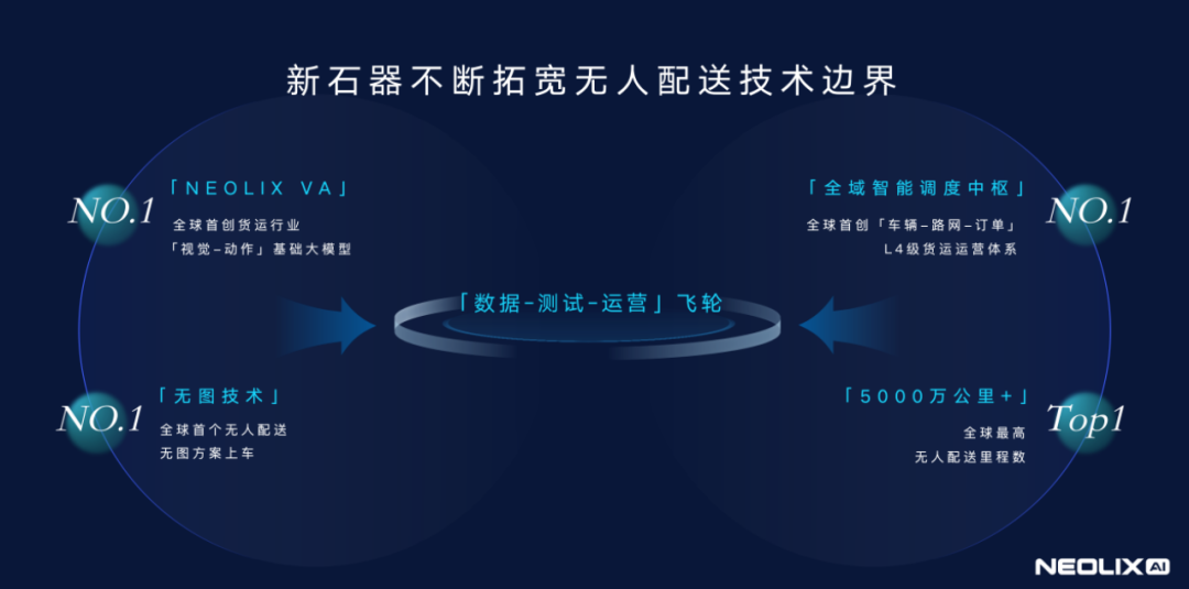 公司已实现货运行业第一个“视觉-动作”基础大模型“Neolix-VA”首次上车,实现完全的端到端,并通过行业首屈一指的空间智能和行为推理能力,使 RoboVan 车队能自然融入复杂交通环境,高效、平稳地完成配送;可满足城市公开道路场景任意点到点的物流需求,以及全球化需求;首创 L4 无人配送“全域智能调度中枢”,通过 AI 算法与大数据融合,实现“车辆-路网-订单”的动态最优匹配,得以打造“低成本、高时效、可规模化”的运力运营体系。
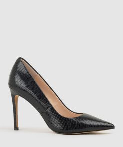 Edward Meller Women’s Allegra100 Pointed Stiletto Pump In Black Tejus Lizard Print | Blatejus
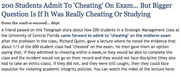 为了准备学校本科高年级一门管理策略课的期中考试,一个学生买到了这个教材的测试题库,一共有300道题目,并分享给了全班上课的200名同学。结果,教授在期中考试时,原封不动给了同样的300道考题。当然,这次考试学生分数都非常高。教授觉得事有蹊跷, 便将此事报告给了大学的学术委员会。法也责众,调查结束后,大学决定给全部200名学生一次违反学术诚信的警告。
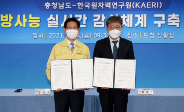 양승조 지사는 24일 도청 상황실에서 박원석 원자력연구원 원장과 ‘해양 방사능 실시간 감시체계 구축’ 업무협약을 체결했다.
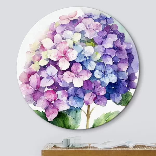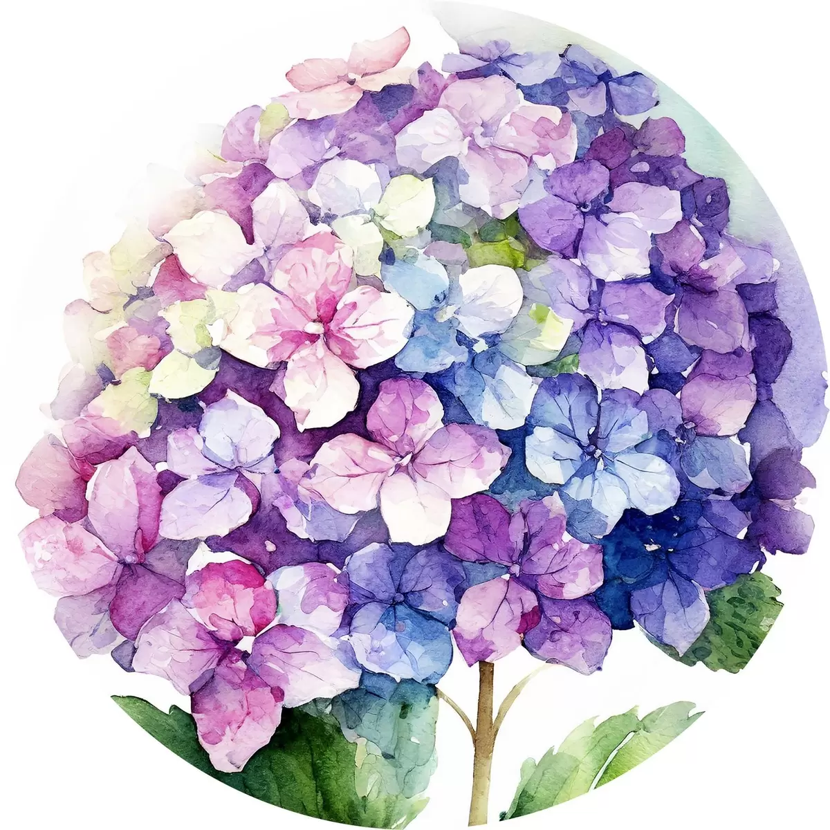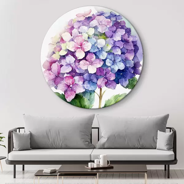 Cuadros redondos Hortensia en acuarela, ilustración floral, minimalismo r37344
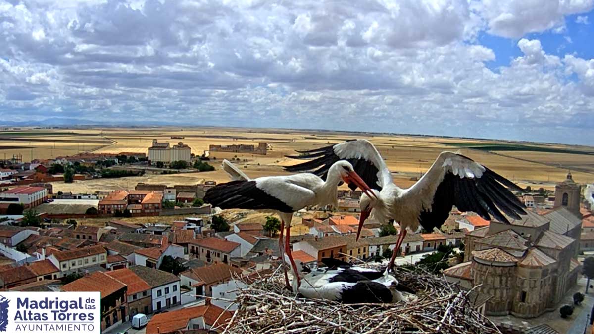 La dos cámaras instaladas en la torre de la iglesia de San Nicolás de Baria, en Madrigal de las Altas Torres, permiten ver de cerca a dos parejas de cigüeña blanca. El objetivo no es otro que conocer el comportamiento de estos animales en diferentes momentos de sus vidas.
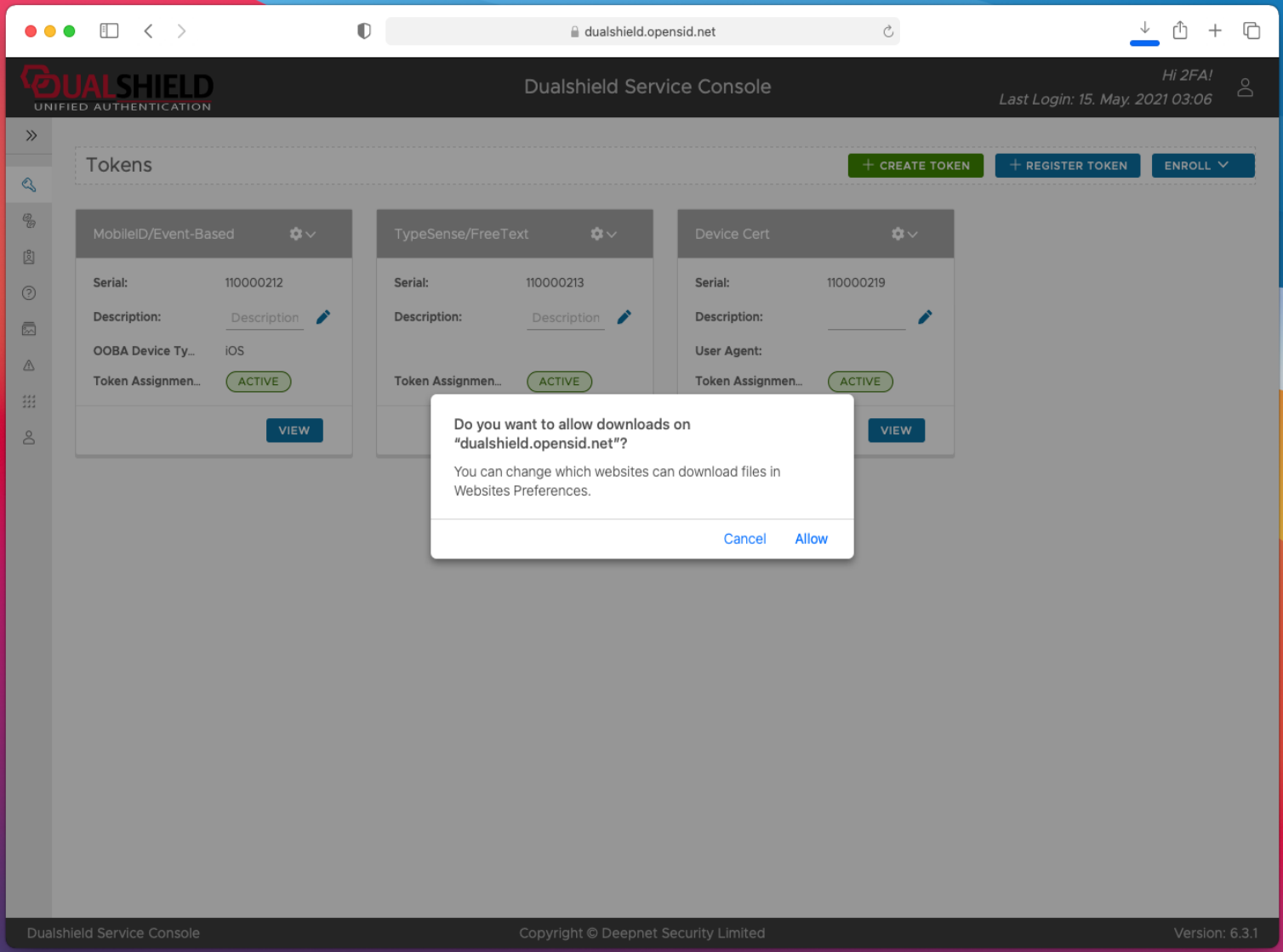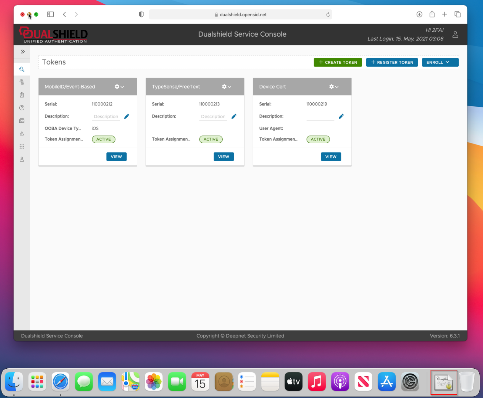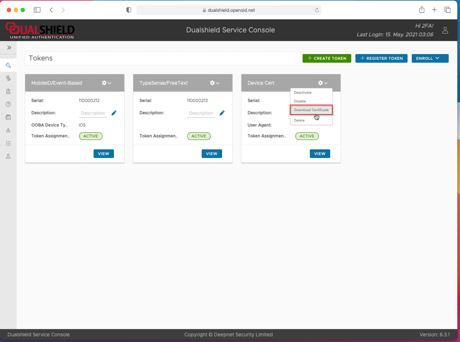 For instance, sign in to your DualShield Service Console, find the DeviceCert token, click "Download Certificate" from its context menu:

·····

*WHAT IS EXPECTED:*
Could you transcribe every entry exactly, leaving out the pictures?

*PROBLEM SOLUTION:*
 公司已实现货运行业第一个“视觉-动作”基础大模型“Neolix-VA”首次上车,实现完全的端到端,并通过行业首屈一指的空间智能和行为推理能力,使 RoboVan 车队能自然融入复杂交通环境,高效、平稳地完成配送;可满足城市公开道路场景任意点到点的物流需求,以及全球化需求;首创 L4 无人配送“全域智能调度中枢”,通过 AI 算法与大数据融合,实现“车辆-路网-订单”的动态最优匹配,得以打造“低成本、高时效、可规模化”的运力运营体系。
 Edward Meller Women’s Allegra100 Pointed Stiletto Pump In Black Tejus Lizard Print | Blatejus
 为了准备学校本科高年级一门管理策略课的期中考试,一个学生买到了这个教材的测试题库,一共有300道题目,并分享给了全班上课的200名同学。结果,教授在期中考试时,原封不动给了同样的300道考题。当然,这次考试学生分数都非常高。教授觉得事有蹊跷, 便将此事报告给了大学的学术委员会。法也责众,调查结束后,大学决定给全部200名学生一次违反学术诚信的警告。
 양승조 지사는 24일 도청 상황실에서 박원석 원자력연구원 원장과 ‘해양 방사능 실시간 감시체계 구축’ 업무협약을 체결했다.
 Cuadros redondos Hortensia en acuarela, ilustración floral, minimalismo r37344
 La dos cámaras instaladas en la torre de la iglesia de San Nicolás de Baria, en Madrigal de las Altas Torres, permiten ver de cerca a dos parejas de cigüeña blanca. El objetivo no es otro que conocer el comportamiento de estos animales en diferentes momentos de sus vidas.
 For instance, sign in to your DualShield Service Console, find the DeviceCert token, click "Download Certificate" from its context menu:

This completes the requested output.